StatMod MC & RockMod Projects
Simultaneous Property and Lithology Simulation
Jason’s Markov Chain Monte Carlo (MCMC) geostatistical inversion is a powerful tool for separating individual lithologies and providing high-resolution models useful for identifying thin beds. It also produces multiple rock property models (e.g. lithology, porosity, permeability, BVHC, etc.), which can be used for prospect ranking and for output to geocellular models and reservoir flow simulators. StatMod® MC is the post-stack version of this technology, while RockMod® is the PreStack AVA/AVO version. The technology has proven itself both in carbonate areas and areas with tight sands.
MCMC technology is much better suited for inversion problems than sequential simulation-type algorithms, because it can take both the seismic and the geostatistics into account, simultaneously and rigorously, all the way through the process. The MCMC approach puts a rich, realistic model of the character of the reservoir (variograms, histograms, etc) together with a powerful seismic model (full- or pre-stack), and considers both simultaneously while searching for geologically plausible realizations. In effect, it constructs possible scenarios for the seismic with direct reference to the lithotypes, property crossplots, and spatial patterns which are believed to be present in the zone of interest.
The workflow for StatMod MC and RockMod® projects generally follow these steps:
- Load and condition seismic data (angle or offset gather stacks for RockMod), well logs, and velocity information
- Perform petrophysical and rock physics analysis on the well log data
- Estimate the seismic wavelet (for each angle or offset stack for RockMod projects) using a multi-well estimation technique
- Perform Property Simulation of the elastic parameters
- Run the MCMC inversion and QC the results
- Perform cosimulation to generate lithology, property, and statistics (P10, P50, P90, etc.) volumes.
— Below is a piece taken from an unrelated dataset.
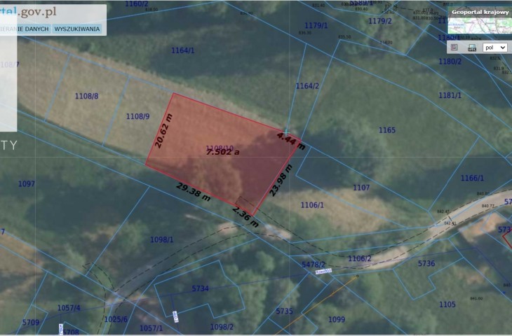 Działka jest w kształcie zbliżonym do prostokąta. Lekko pochylona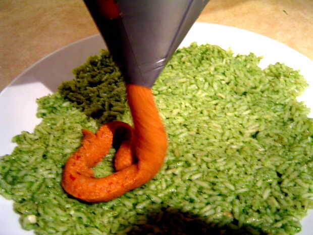 Conseguir una licuadora de palillo y mezcla el Chile hasta que los desaparezcan en su mayoría. Si es un poco líquida, usted necesitará agregar unas cuantas cucharadas de maizena mezclada con unas cucharadas de agua fría para espesar un poco. Una vez que la consistencia es perfecta, hacer un césped de arroz verde en cada plato. Obtener plano; Tome orgullo en su jardinería. Quizás extienda algunas rayas agradables ordenado los bordes y rastrille las hojas.

- Analyze and interpret the results
In this West Texas carbonate case study, our client was having difficulty using the seismic data to identify and rank drilling locations (Figure at right). In fact, the client was not using the seismic at all and was simply drilling on a uniform grid.
Jason inverted the seismic for acoustic impedance and co-simulated for porosity. The next four wells, drilled based on the porosity volume, successfully encountered high porosity as predicted by the inversion. The porosity volumes also enabled fracturing in by-passed pay zones in existing wells, further increasing production.